Text by Philip Stejskal Architecture
This home in Perth, Western Australia, underwent a series of additions and alterations by Philip Stejskal Architecture. The project arose from a particular set of pre-existing conditions.
- The orientation of the site is diagonal in respect of a northerly aspect. As such, the requirement to manage solar ingress is made slightly less straight forward.
- The clients have a quantity of recycled bricks, salvaged with their own labour. Not enough to build an entire floor, but a requirement to incorporate somewhere.
- The block enjoys city views exist at high level.
- Privacy issues exist from overlooking neighbours to the NorthWest.
- He is an extrovert.

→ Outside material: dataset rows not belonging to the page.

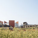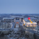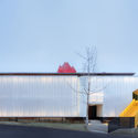 El policarbonato es el material principal para este proyecto en China, diseñado como un refugio para niños. El proyecto combina formas familiares con momentos fuertes y brillantes que culminan con una casa roja encaramada sobre toda la estructura. El único objetivo: crear una "realidad mágica" de lo que pudo haber sido un espacio mundano.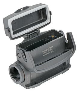 | Kurzbeschreibung | Sockelgehäuse, mit Kunststoffkappe, Baugröße: 16 A, Längsbügel, Polyamid (PA), glasfaserverstärkt, seitlicher Kabeleingang, 2x M25 |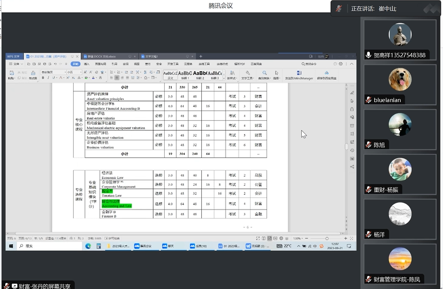 财务管理系主任陈凤、资产评估教研室主任张丹分别就2023级财务管理和资产评估专业人才培养方案的培养目标、毕业要求及实现矩阵、课程体系进行汇报,其中,陈凤主任对数智技术赋能课程建设情况进行特别说明,张丹主任则就资产评估人才培养与资产评估师证书考试匹配性做了重点介绍。

She is an introvert.
The result is an addition that is separated from the existing cottage by a ‘brick link’ that creates pause between the two built elements — both spatial and chronological — and allows us to tailor to the quantity of available salvaged bricks.
The addition consists of a timber-framed block (cost constraints) which is heavily carved into from its northern point, going west, creating a deep reveal that protects glazing from the summer sun.
The timber skeleton that remains along these edges is fitted with fins and battens to act as sun and privacy control. Vegetation will be allowed to engulf this structure over time – connecting the garden and roof terrace.
The roof terrace is positioned and curtailed in response to overlooking restrictions, yet manages to achieve an optimal orientation nonetheless, toward the Central Business District. An airy and light-filled extension with a focus on the verdant garden and borrowed vegetation further afield.